Early in 2008, the Library of Congress Working Group on the Future of Bibliographic Control published the report On the Record.  This Report, directed at both the Library of Congress and the American bibliographic community at large, was to serve as a “’call to action; that informs and broadens participation in discussion and debate, conveys a sense of urgency, stimulates collaboration, and catalyzes thoughtful and deliberate action.” (pp. 3)  The Working Group recognized that the “future of bibliographic control will be collaborative, decentralized, international in scope, and Web-based.” (pp.4)  Pursuant to this assertion, the Working Group made a number of recommendations that pushed libraries ever closer to participation within the Semantic Web.  The Semantic Web, with its inherent organization and utilization of linked data, is an ideal venue for libraries and, more importantly, library data.  By putting library data into the structure of the web itself, thus allowing this data to be used by a wide variety of information communities, libraries can gain a greater sense of relevance and importance in this increasingly digital world.
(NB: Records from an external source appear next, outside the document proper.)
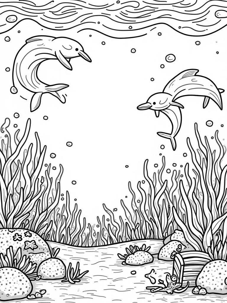 Underwater Garden with Dolphins and Friendly Octopus Coloring Page
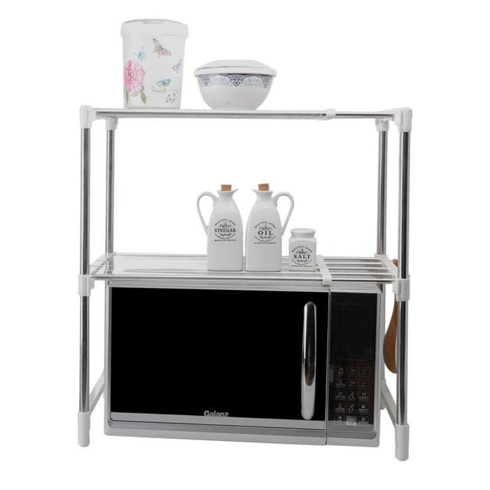 A prateleira de armazenamento com estrutura telescópica de dupla camada é perfeita para maximizar o espaço em sua cozinha, mantendo tudo ao seu alcance e organizado de forma prática.
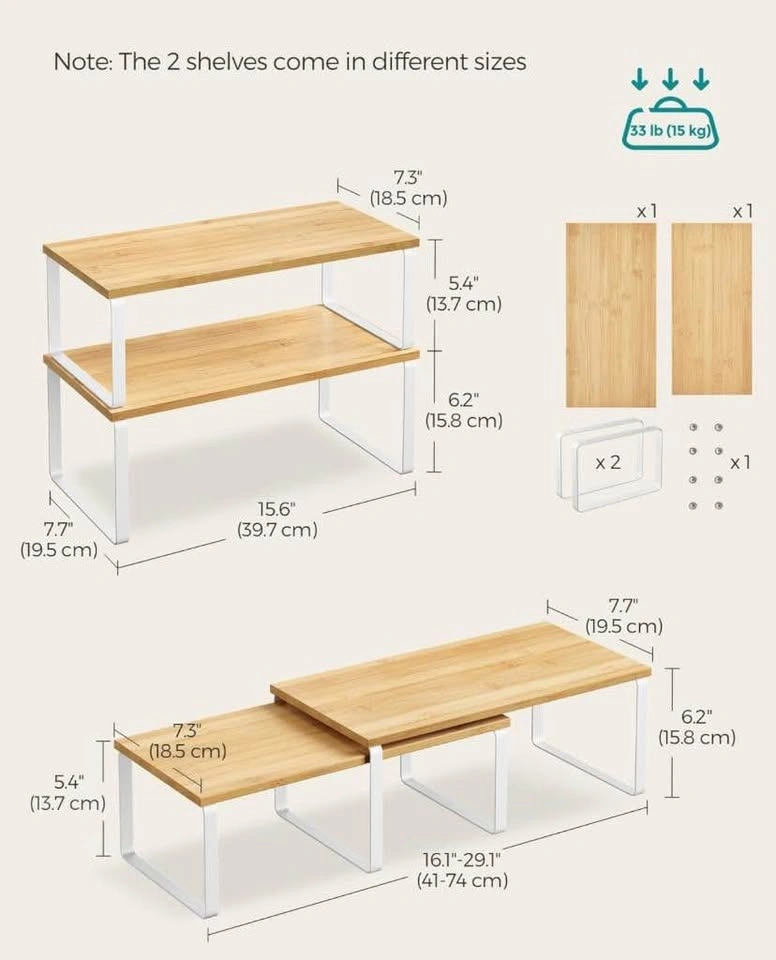SONGMICS Cabinet Organizer Shelf - Set of 2

It is this driving of library practice and standards towards the Semantic Web and the clear articulation of both benefits of the change and the inherent issue in the status quo that is, perhaps, one of the most important outcomes of this Report since its publication.  Yet, this drive has not been without difficulty or setbacks.  While the Report calls for sweeping change and increased collaboration and communication, the actions of the Library of Congress and the reluctance of the library community do not necessarily echo this charge.    As discussed in the Report and on the message boards for this course, the fate of libraries as significant information providers hangs on their ability to follow their users into web.  The third recommendation of the Report exhorts libraries to position themselves and their technology for the future “by recognizing that the World Wide Web is both our technology platform and the appropriate platform for the delivery of our standards.”  (pp. 5)  Additionally, the library community must recognize that “machine applications” are also potential users of “the data we produce in the name of bibliographic control”. (pp.5)  Currently, libraries, via their catalogs, are on the web.  However, the data that libraries produce are locked within their databases.  This data is not in the web in that it cannot be utilized, shared, mashed up, or effectively linked too (or, at least, not with any real ease).  By remaining on the outskirts of what has become a flourishing information and communication platform, libraries do themselves—and their patrons—a great disservice.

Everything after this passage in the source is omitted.